If an Anthropic provider is detected and Dario is not installed yet, install Dario first:

Service

systemctl --user status sage-router
systemctl --user restart sage-router
journalctl --user -u sage-router -f   # live logs

Docker production notes

  • Docker image includes Node, Python, Sage Router, and @askalf/dario.
  • Mount host Dario credentials as ~/.dario:/root/.dario for Anthropic-compatible Claude routing.
  • Enable llama.cpp classifier sidecar with docker compose --profile classifier up -d and SAGE_ROUTER_INTENT_CLASSIFIER_ENABLED=1.
  • Production classifier flags: SAGE_ROUTER_INTENT_CLASSIFIER_PROVIDER=llamacpp, SAGE_ROUTER_INTENT_CLASSIFIER_BASE_URL=http://llamacpp-classifier:8080, SAGE_ROUTER_INTENT_CLASSIFIER_MODEL=classifier.

Router profiles

Sage Router supports named routing profiles in router-profiles.json next to router.py.

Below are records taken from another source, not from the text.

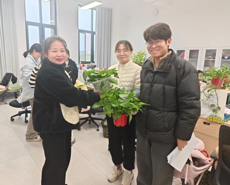 送绿植过程中,胡志国、陈苗苗与教职工们亲切交流,详细询问大家的工作状态与需求,并讲解绿植养护技巧。胡志国强调,办公环境是教职工日常工作的重要载体,添一份绿色,不仅能美化空间、净化空气,更能为忙碌的工作增一份生机与活力。他代表学院向辛勤耕耘教育教学的教职工们致以诚挚敬意,希望这一抹绿色能舒缓大家的工作压力,让大家在清新雅致的环境中保持良好状态。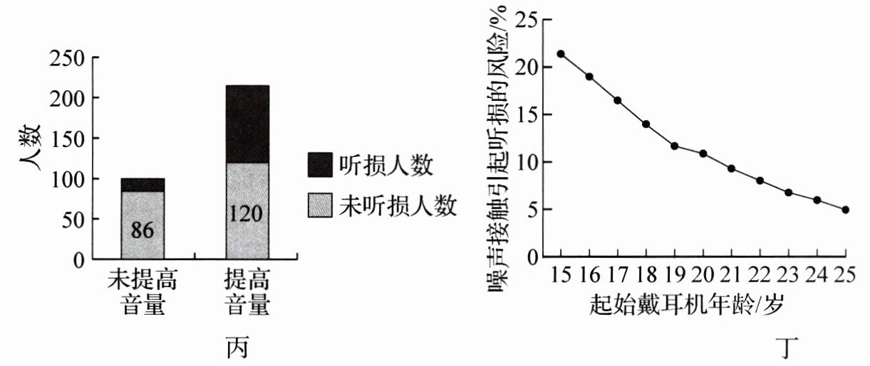 (3)研究人员还发现,起始戴耳机的年龄与听损也存在一定的关系,如图丁所示。据图可知,起始戴耳机年龄超过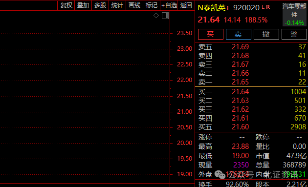 10月28日,泰凯英(920020)正式登陆北交所,开盘价19.05元/股,较发行价上涨154%,截至收盘,股价为21.64元,涨幅188.5%。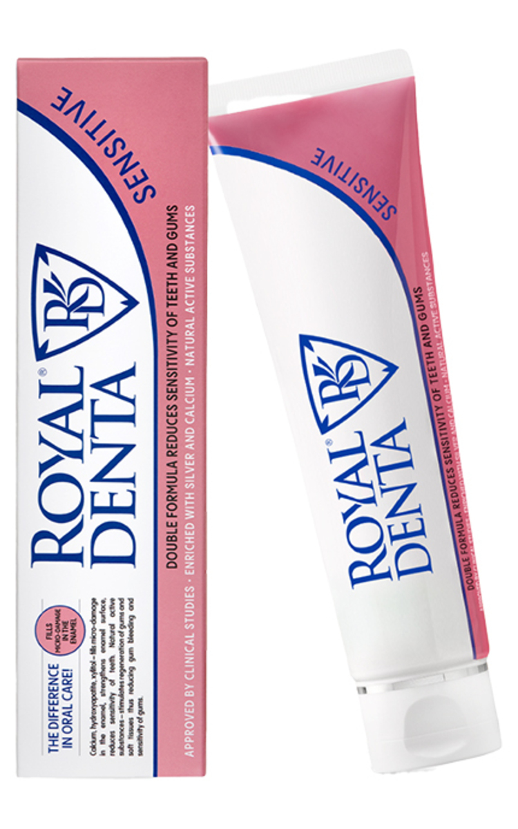 Royal Denta" Sensitive – biomimetinė dantų pasta be fluoro, skirta efektyviai mažinti dantų ir dantenų jautrumą. Jos sudėtyje esantys trikalcio fosfatas ir hidroksiapatitas padeda užpildyti atvirus dentino kanalėlius ir atstatyti pažeistą dantų emalį, todėl dantys tampa stipresni. Nepriklausomos laboratorijos tyrimo metu net 8 iš 10 dalyvių nurodė, kad naudojant "Royal Denta" Sensitive sumažėjo jų dantų jautrumas. Ši dantų pasta puikiai tinka kasdienei jautrių dantų priežiūrai ir padeda sumažinti jautrumą po burnos higienos procedūrų.
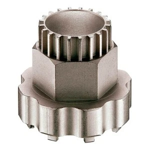 Two-Way integrated ISIS splined bottom bracket tool and 8-point bottom bracket tool. For use with 32 mm CNC Rod or an adjustable wrench. Compatible with many popular bottom brackets.

Request a profile with any of:

  • model: "sage-router/<profile>"
  • model: "<profile>"
  • top-level profile, routerProfile, or sageRouterProfile

Profile fields currently supported:

  • route: fast, balanced, best, local-first, realtime
  • thinking: low, medium, high
  • capability/quality flags: requiresQuality, requiresReasoning, requiresTools, frontierLargeOnly, frontierOrReasoningTools, suppressIntermediateToolText, qualitySensitive, reasoning, tools, preferTools, json, vision, document, longContext
  • constraints: allowProviders, denyProviders, allowModels, denyModels, minParamsB

Current profiles:

  • frontier: default high-quality frontier routing profile. Forces best/high, reasoning, quality-sensitive, suppresses tool-call narration, and blocks tiny/free filler models.
  • frontier-large: strict frontier-large-only routing.
  • fast-local: low-latency local-first routing.
  • coding-max: high-thinking code route with weak model exclusions.